Но весной он снова-таки увидел Вайсмана. Пробудившись ото сна про мягкий Цвёльфкиндер, который был также Нордхаузеном, городом, где эльфы производили игрушечные ракеты полётов на луну, он увидел над краем своей койки лицо Вайсмана наблюдавшего за ним. Он казался постаревшим лет на десять, и Пёклер насилу узнал его.

– Мало времени,– прошептал Вайсман.– Пойдём.

Они двинулись через белую бессонную суету тоннелей. Вайсман шагал медленно и твёрдо, оба они молчали. В одном из управленческих отсеков были с полдюжины других, а также люди из SS и SD: «У нас уже есть согласие ваших отделов»,– сказал Вайсман,– «освободить вас для работы над особым проектом. Это будет секретность наивозможно высшей категории. Вы будете жить отдельно, питаться отдельно, не говорить ни с кем за исключением присутствующих в этой комнате».– Они оглянулись вокруг увидеть кто же это. Ни одного знакомого. Обернулись обратно к Вайсману.
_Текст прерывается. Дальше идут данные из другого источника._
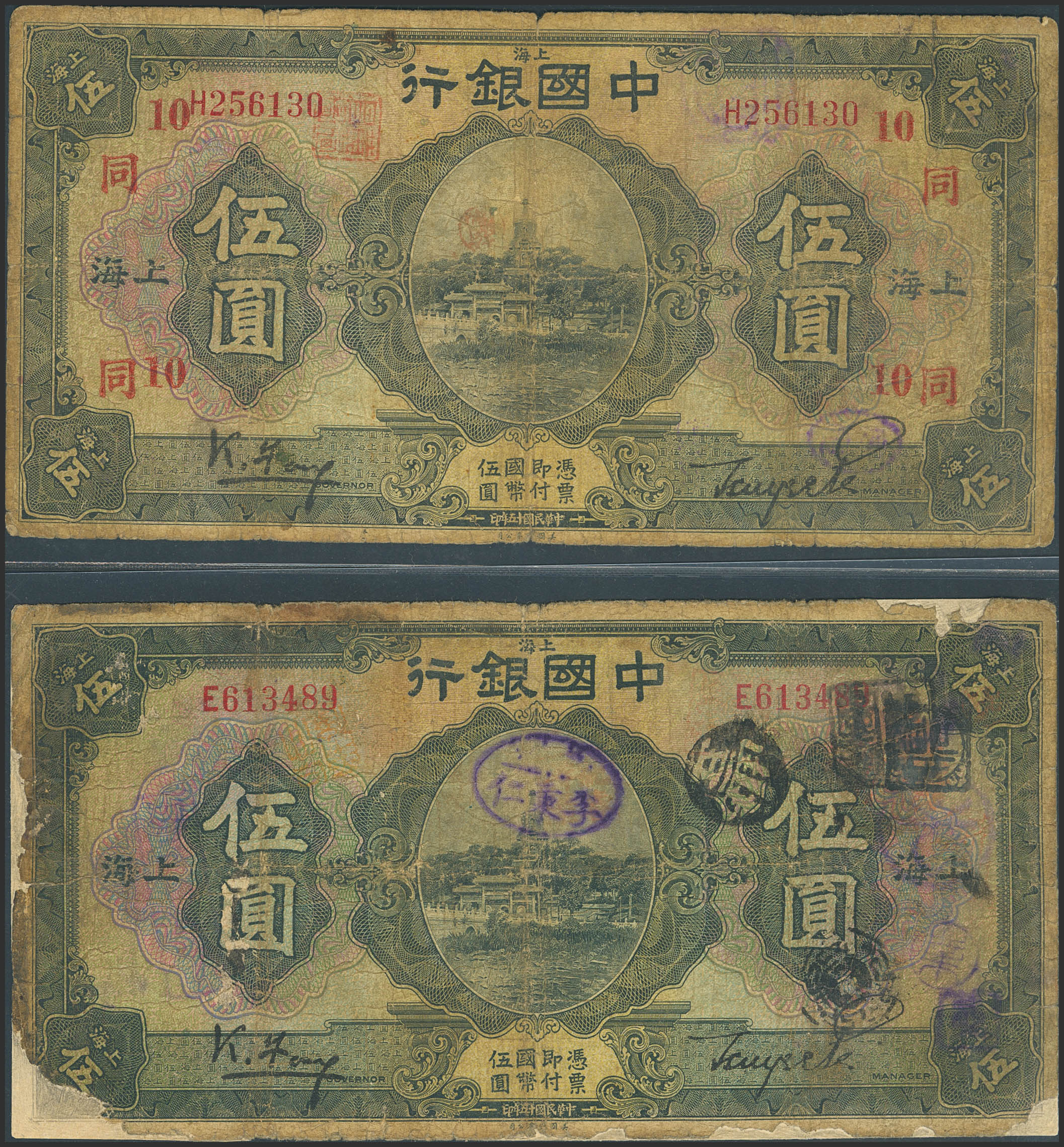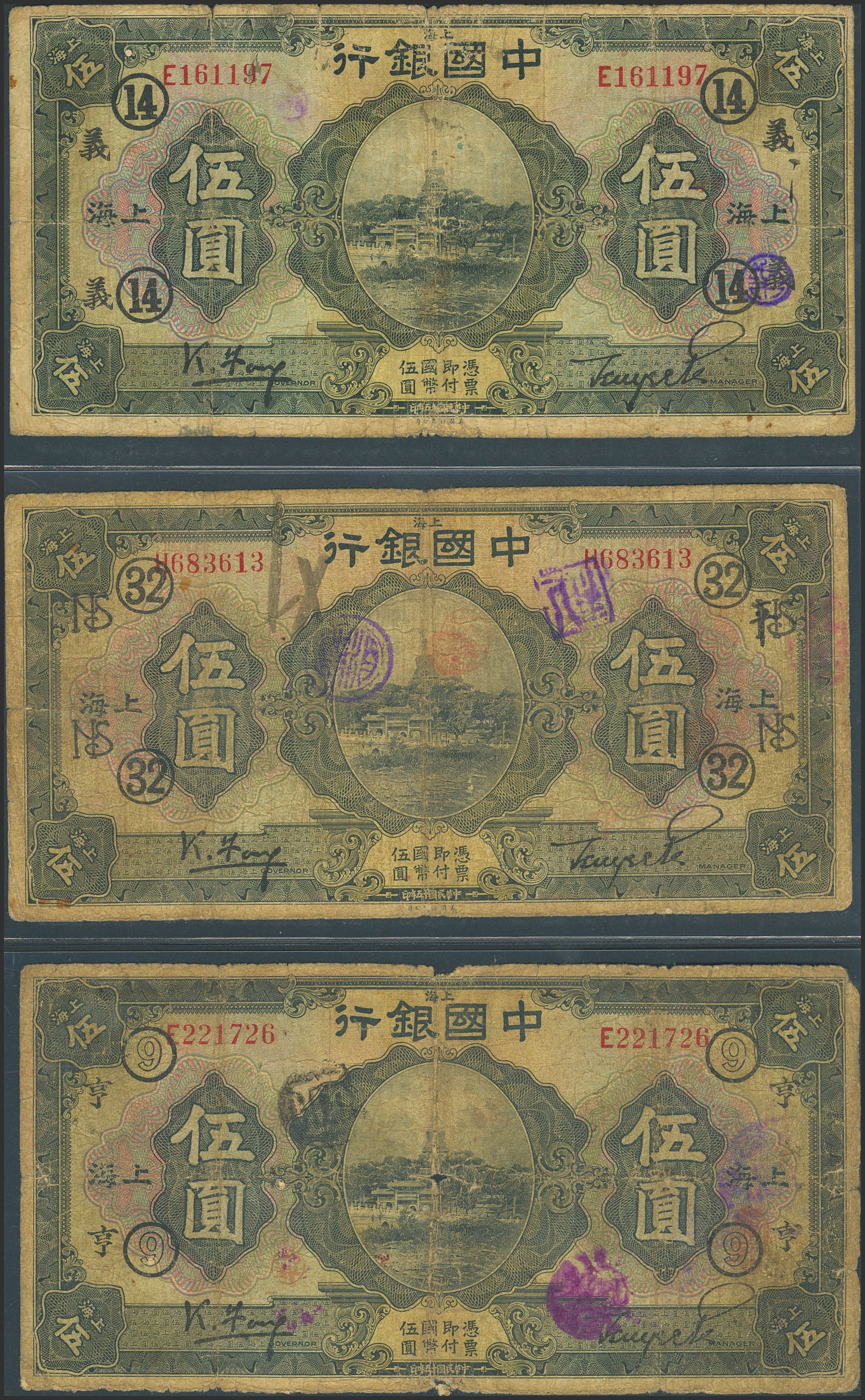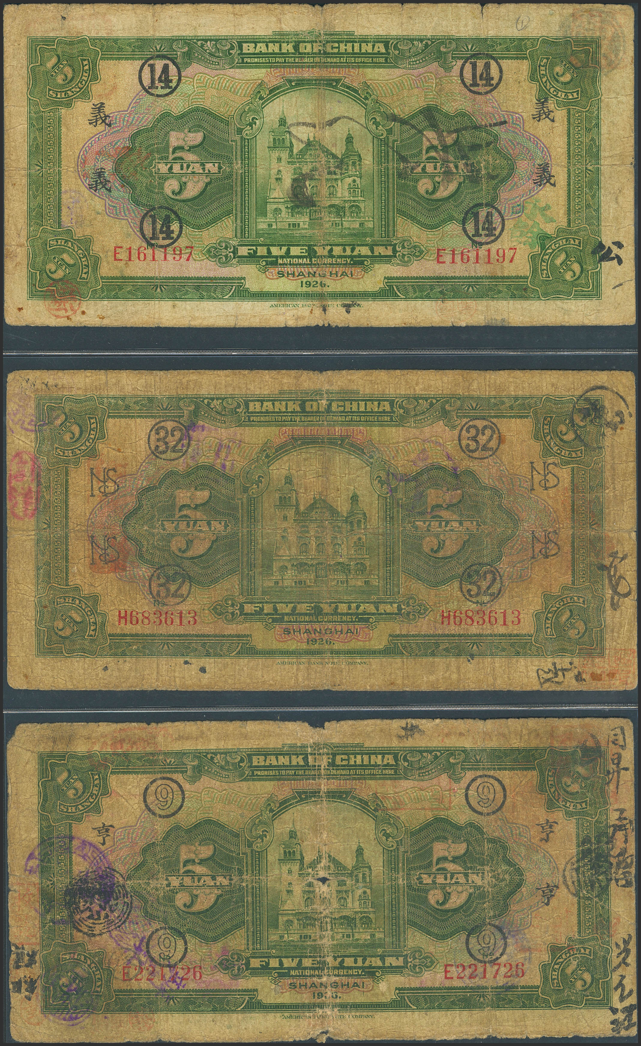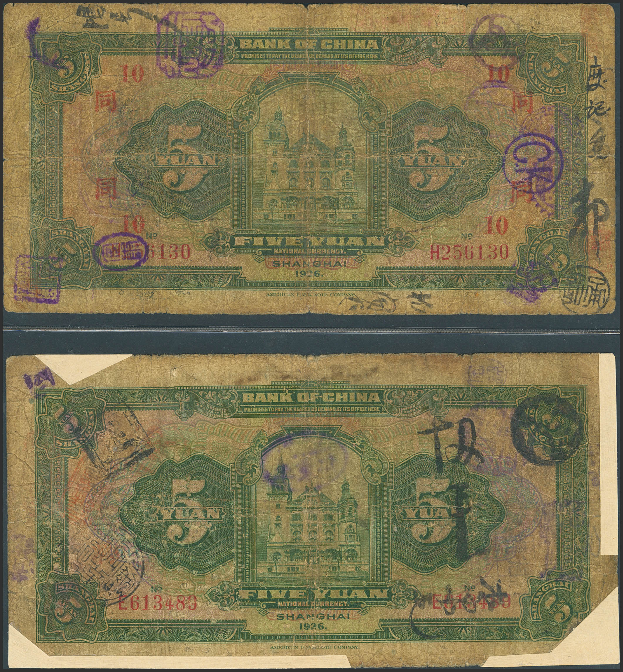 CHINA. Set of 5 notes of 5 Yuan. 1926. Bank of China. Shanghai. Feng Gengguang / Bei Zuyi. (Pick: 66a). Very Good to Fine.
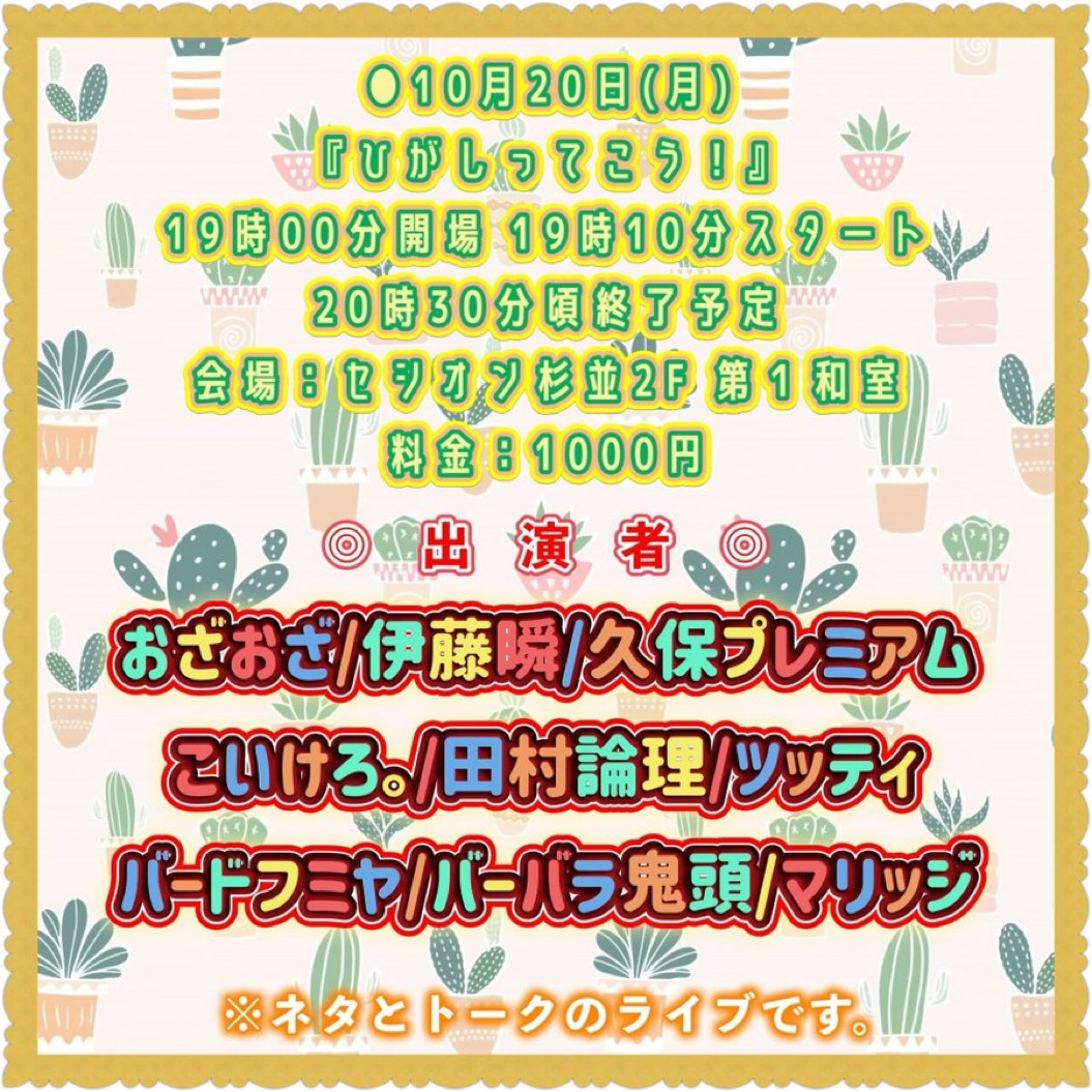 伊藤瞬/おざおざ/久保プレミアム/こいけろ。/田村論理/ツッティ(虎の巻)/バードフミヤ/バーバラ鬼頭/僕
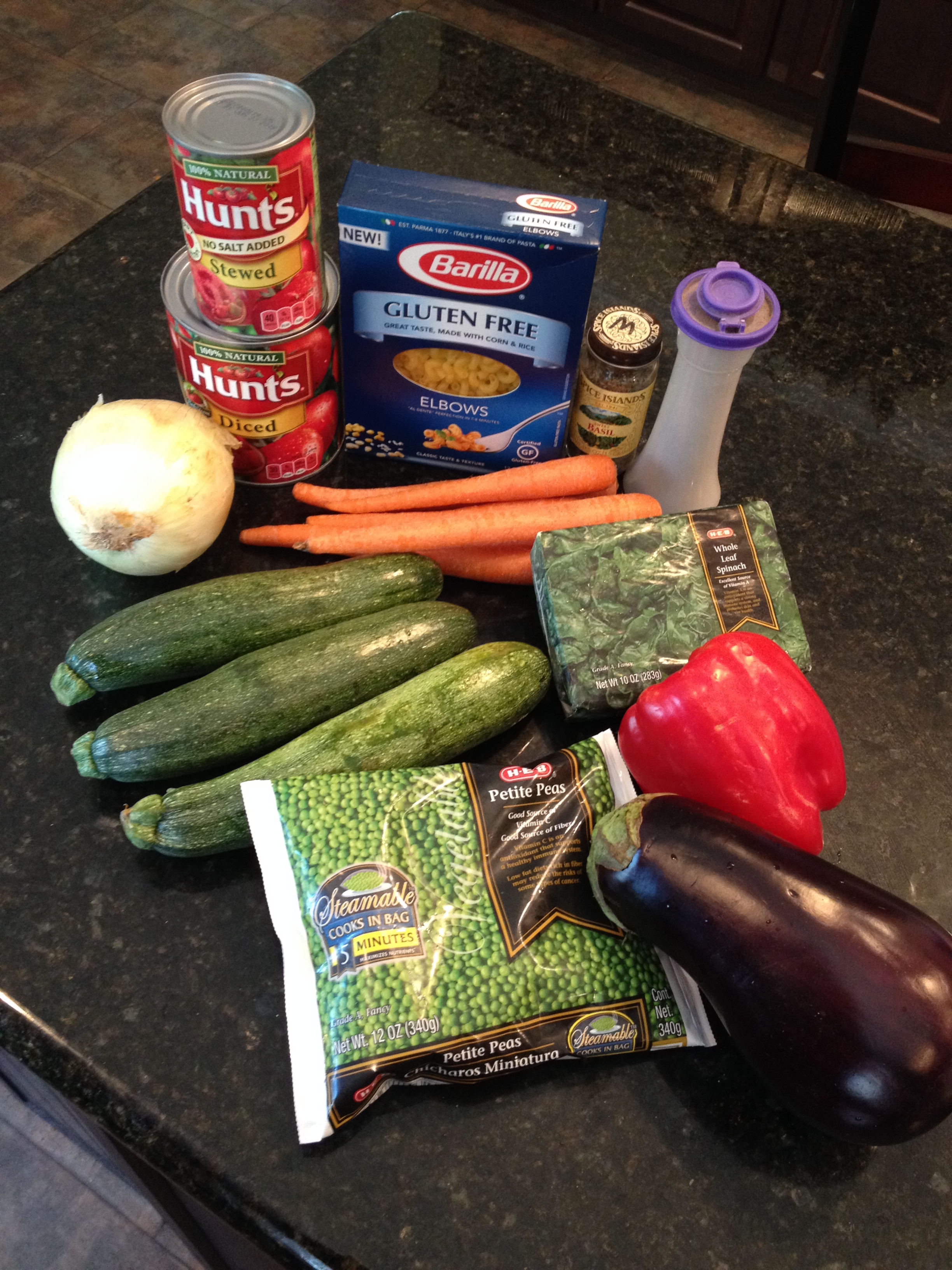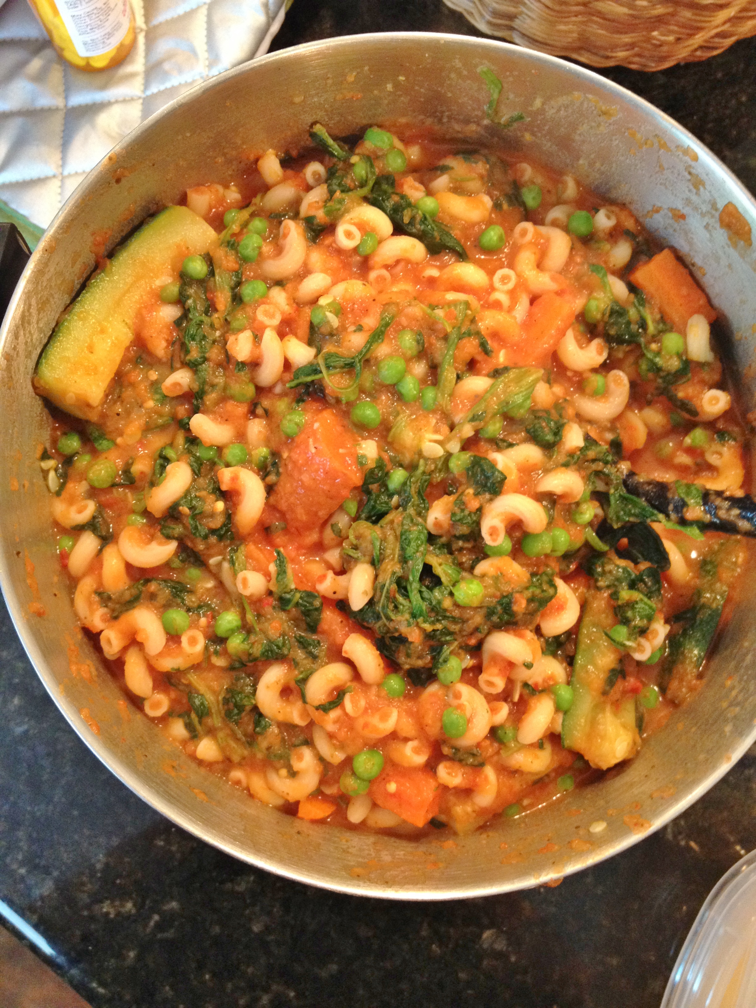 While the eggplant and garlic are roasting, chop your onion and let sweat out in pan with a little olive oil and basil and black pepper. Add tomatoes and let stew until eggplant and garlic are done roasting. Defrost spinach in microwave – once cool, squeeze out all liquid. Chop zucchini and carrots into thinnish spears. Once eggplant is cool enough to touch scrape flesh out of skin and into food processor or blender. Squeeze in roasted garlic. Using a paper towel wipe off burned pieces on red pepper, then slice and scrape out seeds. Add pepper and tomato sauce to blender. Process until smooth and creamy. Boil zucchini and carrots with macaroni until mac is just done. Drain all and pour back into pot. Add eggplant sauce and mix then add peas and spinach. Mix again until combined. Turn burner to low and let heat through until peas are cooked. Enjoy!
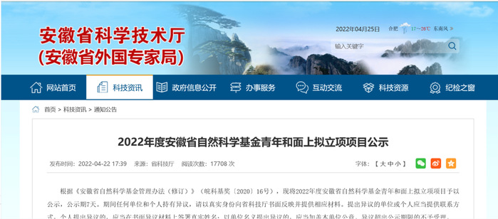 工口实验室 获批2022年度安徽省自然科学基金16项
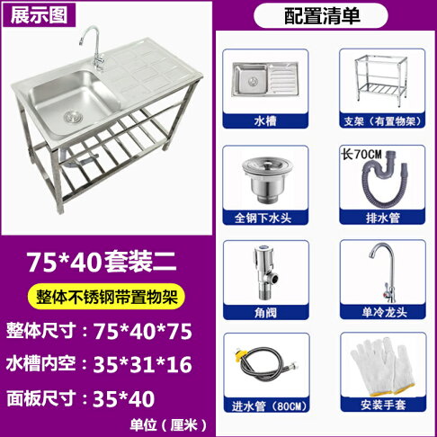 水槽廚房不銹鋼水槽帶支架免安裝水槽支撐架移動式洗菜池洗手盆落地架 露天拍賣
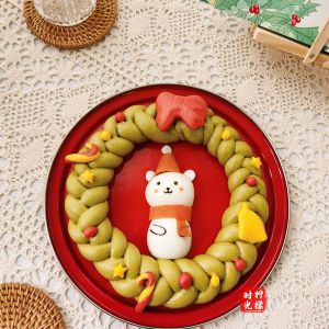用黄色面团和红色面团做装饰,点缀在花环其他位置。
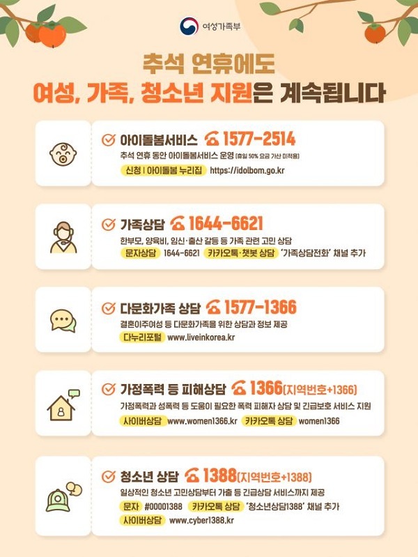 여성가족부는 추석 연휴 기간에도 여성긴급전화(1366), 가족상담전화(1644-6621), 청소년상담전화(1388), 아이돌봄서비스(1577-2514)를 운영하고 청소년쉼터를 24시간 개방·운영하는 등 민생 안정 서비스를 차질 없이 지원한다고 13일 밝혔다.
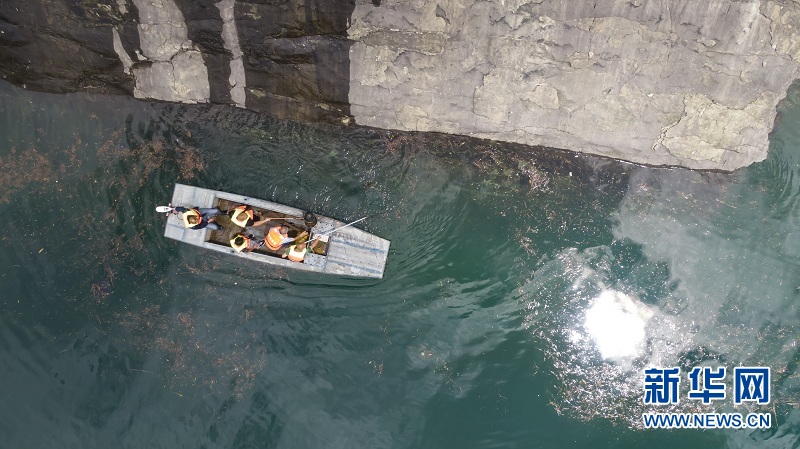 近日,持续降雨导致水面漂浮物增多,谭大凡和建始县水利局工作人员清理水面。
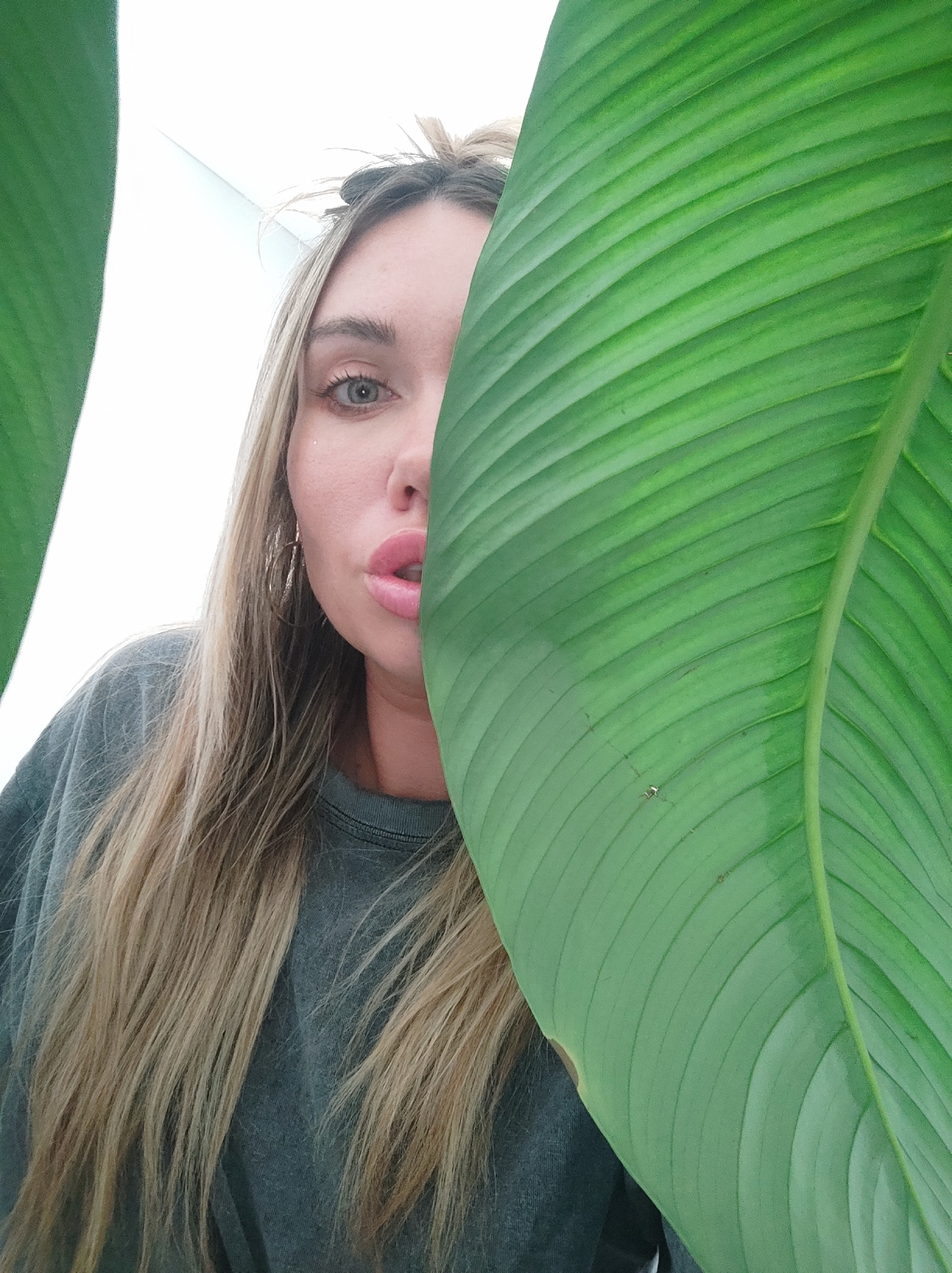 The image depicts a close-up, angled portrait of a woman partially obscured by large green leaves. The woman, with long blonde hair and light-colored eyes, gazes directly at the viewer. Her face is po…read more

Ему нужны модификации для внесения в одну ракету, только одну. Её серийный номер был снят, и вписаны пять нулей. Пёклер мгновенно осознал, что для этого Вайсман и приберегал его: именно это и было его «особой судьбой». Он никак не мог понять этого: он должен разработать пластмассовый обтекатель, определённого размера, определённых изоляционных свойств, в силовой установке ракеты. Инженер силовой установки был самым занятым в этом проекте, перенаправляя линии пара и подачи горючего, перемещая части конструкции. Каким бы ни было новое изделие, его не видел никто. По слухам, его произвели где-то в другом месте и назвали Schwarzgerät, из соображений высокой секретности окружавшей проект. Даже вес был засекречен. Они уложились в срок менее двух недель, и « Vorrichtung für die Isolierung» отправился по назначению. Пёклер вернулся к своему постоянному начальнику, и рутина вернулась в свою колею. Он никогда больше не видел Вайсмана.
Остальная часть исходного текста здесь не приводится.